● **TASK ITEM**
Output exactly the lines below from the one containing "Large universal polyester" to the last line, both included. Omit pictures.

● **DATASET EXCERPT**
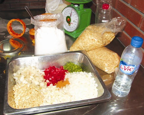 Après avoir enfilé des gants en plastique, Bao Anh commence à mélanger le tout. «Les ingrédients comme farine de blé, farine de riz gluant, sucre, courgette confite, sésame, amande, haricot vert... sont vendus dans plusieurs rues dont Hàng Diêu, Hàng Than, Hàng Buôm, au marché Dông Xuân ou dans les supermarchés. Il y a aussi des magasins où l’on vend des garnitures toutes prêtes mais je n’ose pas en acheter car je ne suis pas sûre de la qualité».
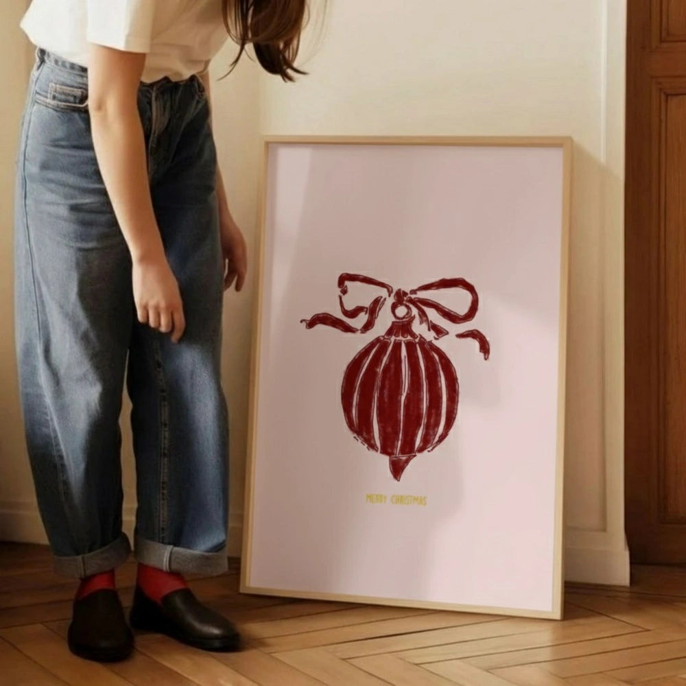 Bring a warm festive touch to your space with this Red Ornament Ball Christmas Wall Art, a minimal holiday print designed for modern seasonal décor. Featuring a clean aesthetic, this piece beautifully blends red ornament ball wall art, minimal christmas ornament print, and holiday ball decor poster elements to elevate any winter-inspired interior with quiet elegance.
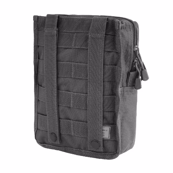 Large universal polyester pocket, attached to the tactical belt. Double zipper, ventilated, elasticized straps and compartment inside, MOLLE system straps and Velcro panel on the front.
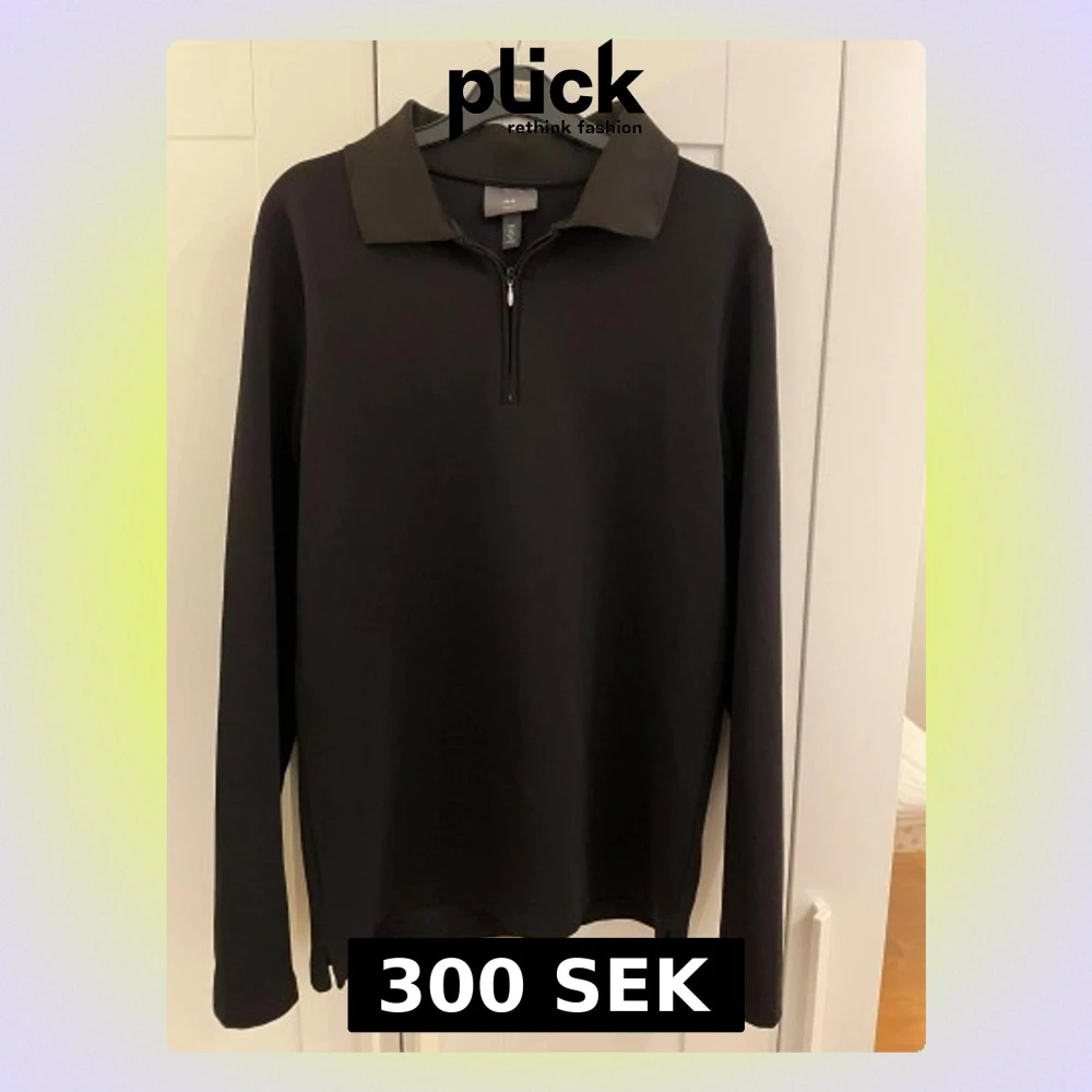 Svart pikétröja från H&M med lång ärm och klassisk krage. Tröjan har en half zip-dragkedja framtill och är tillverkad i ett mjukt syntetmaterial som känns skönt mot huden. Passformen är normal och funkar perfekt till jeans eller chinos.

● **YOUR SOLUTION**
 Large universal polyester pocket, attached to the tactical belt. Double zipper, ventilated, elasticized straps and compartment inside, MOLLE system straps and Velcro panel on the front.
 Svart pikétröja från H&M med lång ärm och klassisk krage. Tröjan har en half zip-dragkedja framtill och är tillverkad i ett mjukt syntetmaterial som känns skönt mot huden. Passformen är normal och funkar perfekt till jeans eller chinos.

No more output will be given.